Out-Law Guide 3 min. read

Directors' service contracts: An introduction


This guide is based on UK law as at 1st February 2010, unless otherwise stated. It is part of a series on Directors' service contracts . Directors and employers clearly do not start with a clean...

This guide is based on UK law as at 1st February 2010, unless otherwise stated. It is part of a series on Directors' service contracts.

The general legal and regulatory framework

Directors and employers clearly do not start with a clean sheet of paper when negotiating a contract. There are several legislative, regulatory and other provisions that determine what is lawful and/or prudent, particularly in the case of a listed company. The following factors should be borne in mind.

Directors have, as OUT-LAW's guides on directors' duties make clear, a duty to promote the success of the company at all times. When negotiating and agreeing service contracts, they need to ensure that their conduct is consistent with this duty.

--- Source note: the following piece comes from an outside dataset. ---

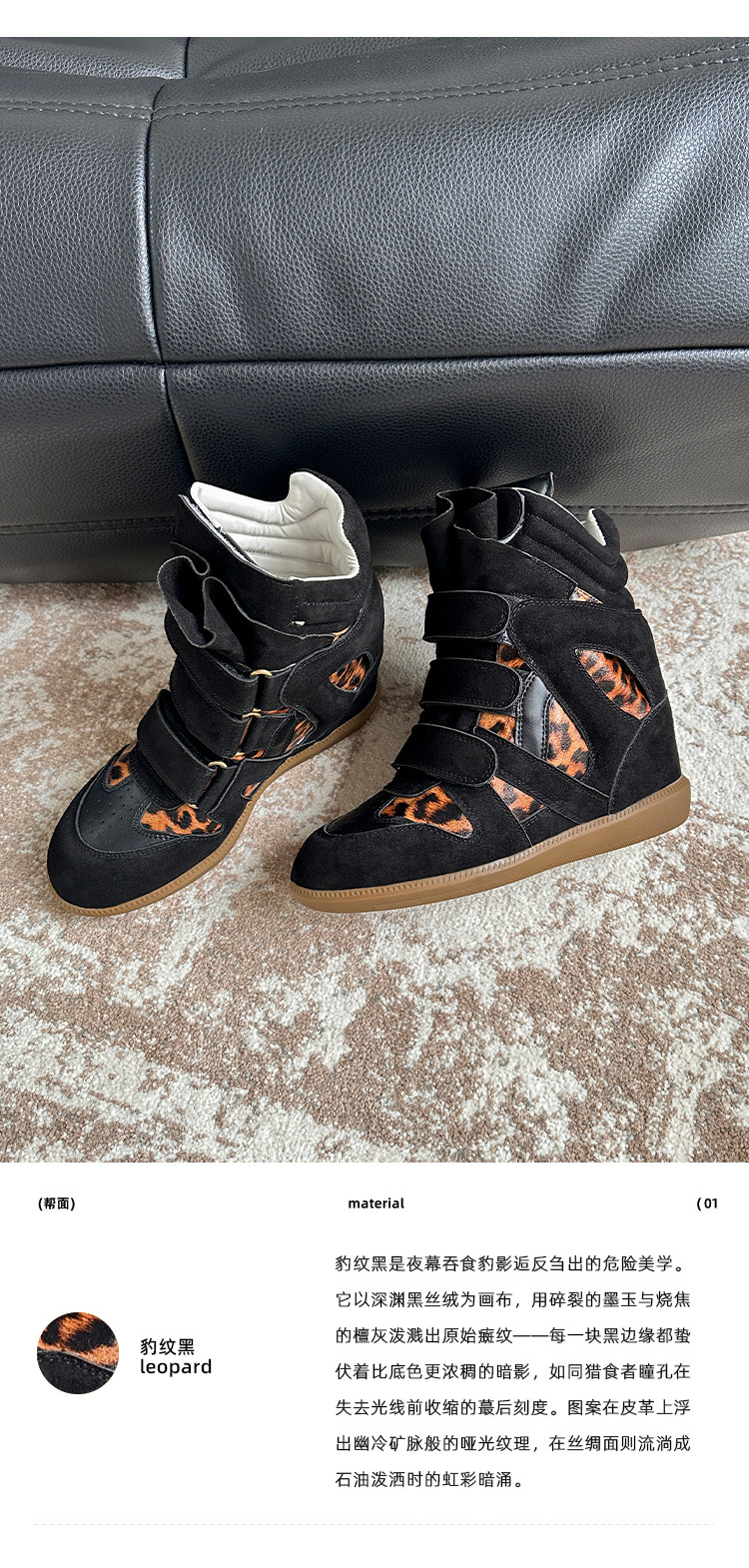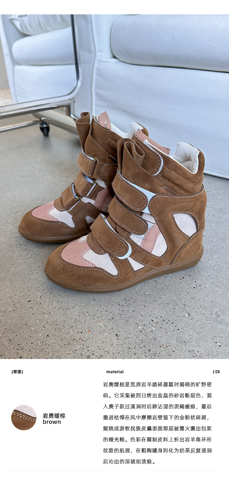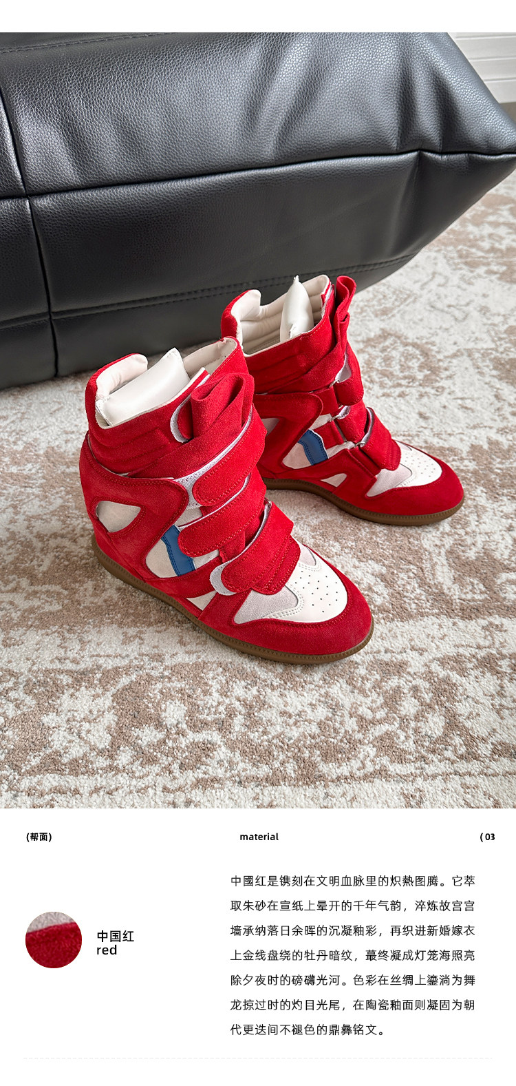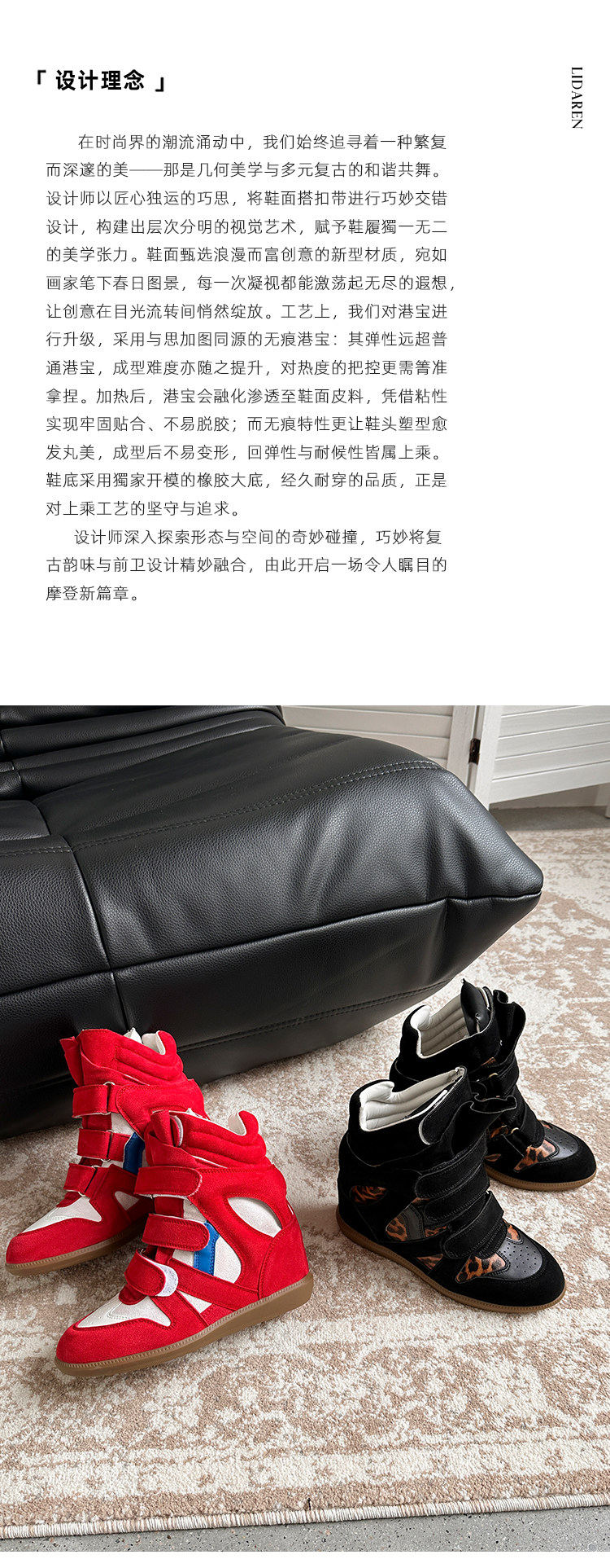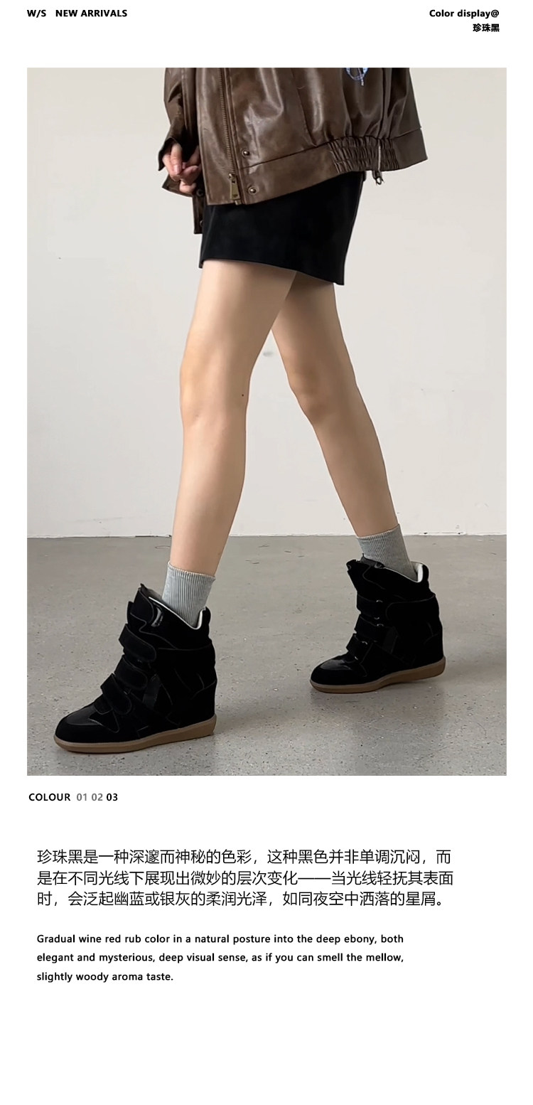 【Li Daren】Honey Armor ~ Genuine Leather High-Top Sneakers for Women with Velcro, Color-Blocking, Height-Increasing Casual Shoes

  • The Companies Act imposes certain constraints on the length of notice periods and fixed terms.
  • The Companies Act also requires listed companies to make full disclosure of directors’ rewards in a remuneration report on which shareholders have an advisory vote at the AGM. (Large votes against the report always mean bad publicity – see Investor activism in our guide, Remuneration issues: An introduction.)
  • The UK Corporate Governance Code, which applies to all listed companies, imposes requirements regarding the source of instructions (see section 2, below), the length of notice periods and fixed terms, the make-up of the remuneration package and the negotiation of termination packages.
  • The Institutional Investors’ Corporate Governance Statements set out details of the approach institutional investors expect companies to take in relation to the length of notice periods and fixed terms, the make-up of the remuneration package and severance packages.
  • The ‘Joint Statement’ by the Association of British Insurers (ABI) and the National Association of Pension Funds (NAPF), issued on 18 February 2008, sets out guidelines on executive contracts and severance.

So listed companies are increasingly expected to comply with requirements over and above those laid down by statute – ie with the recommendations of the Corporate Governance Code – and to respect the views of institutional investors, whose stewardship role was emphasised by the 2009 Walker Report. (See our guides to Corporate governance and Remuneration issues.) Thus, notice periods shorter than 12 months are becoming common. (As our guide to Corporate governance makes clear, the Listing Rules require companies either to comply with the detailed provisions of the Code or explain, in the annual report, why they have not done so.)

The service contract between an employer and a director is both a legal agreement and an incentive tool: it’s also the focus of many corporate governance concerns, particularly on ‘rewards for failure’. The Joint Statement by the ABI and the NAPF concludes: ‘It is unacceptable that poor performance by senior executives, which detracts from the value of an enterprise and threatens the livelihood of employees, can result in excessive payments to departing directors. Boards have a responsibility to ensure that this does not occur.’

General principles of negotiation; source of instructions

There are two key legal and regulatory points.

A director should not be personally involved in their own service agreement and remuneration package.

This means that they should not be responsible for preparing or instructing the company’s lawyers in relation to their own contract and should not be involved in the company’s decision making about their own service agreement/remuneration.

There should be clarity about who has responsibility for negotiating service agreements and remuneration packages for directors.

As part of a ‘formal and transparent procedure’ for the development of executive remuneration policy and for the setting of the pay packages of individual directors, the Corporate Governance Code requires that (on a comply or explain basis):

  • The board establishes a remuneration committee of at least three, or, in the case of a smaller company, defined as a company outside the FTSE 350, two members. (The company chairman may be a member if previously classed as ‘independent’; the other members should all be independent non-executive directors).
  • Remuneration committees have delegated responsibility for setting remuneration for all executive directors and the chairman, and this extends to pension rights and any compensation payments. (See: Deciding remuneration packages, an OUT-LAW guide.)